1

Prove that \(e^{ix}=\cos(x)+i\sin(x)\) using Taylor series. Try to include proofs of the convergence of everything involved.

2

Many books have a chain of reasoning interpreting the value \(\zeta(-1)=\frac{1}{12}\). Find a physical one and summarize the argument. (The Specialized References and Other References may have some suggestions.) Do you buy that adding all positive integers could possibly have a meaning?

3

Show all details for the improper integrals in Section 25.5.

4

Differentiate the function \(h(x)=x^x\). Why is this question appropriate for this chapter?

5

Verify numerically that \(\sum_{n=1}^\infty \frac{\mu(n)}{n}\to 0\) – by calculator, then by computer.
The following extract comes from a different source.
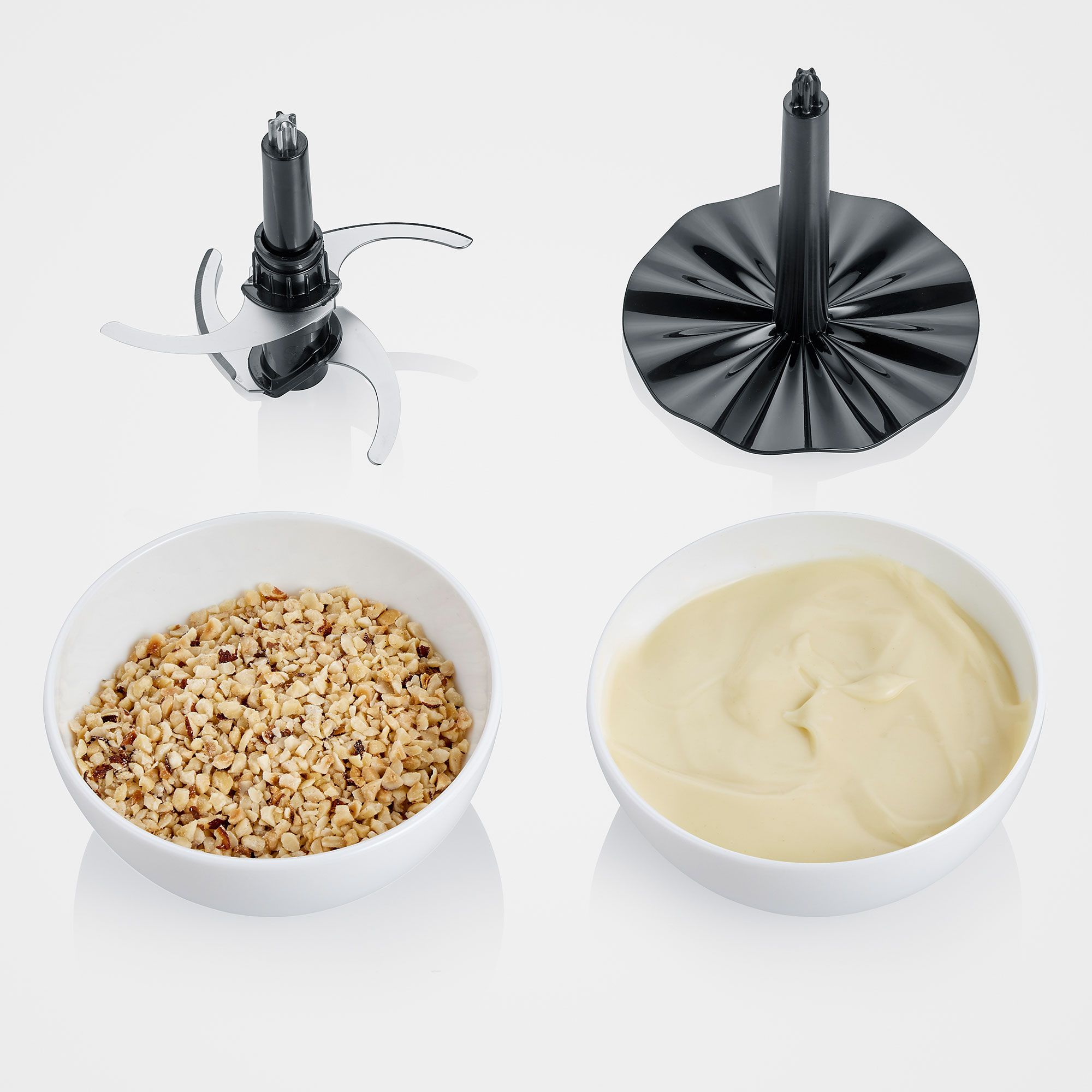 • l’inserto a 4 lame su due livelli assicura un taglio uniforme e preciso su erbe, cipolle, carne, formaggi, frutta secca e ghiaccio

How close can you get to zero before your computer gives up?

6

Read one of the several excellent introductions to the Riemann Hypothesis intended for the “general reader”. (Some are listed in the Specialized References.)

7

What is the Birch-Swinnerton-Dyer Conjecture? Find out as much about it as you can.

8

Answer one of these questions, or all of them.

• What are partitions of a number?

• What are continued fractions?

• What is an elliptic curve, and how is it used in cryptography?

• What is a number field?

9

What else do you want to know about numbers? What are you inspired to discover?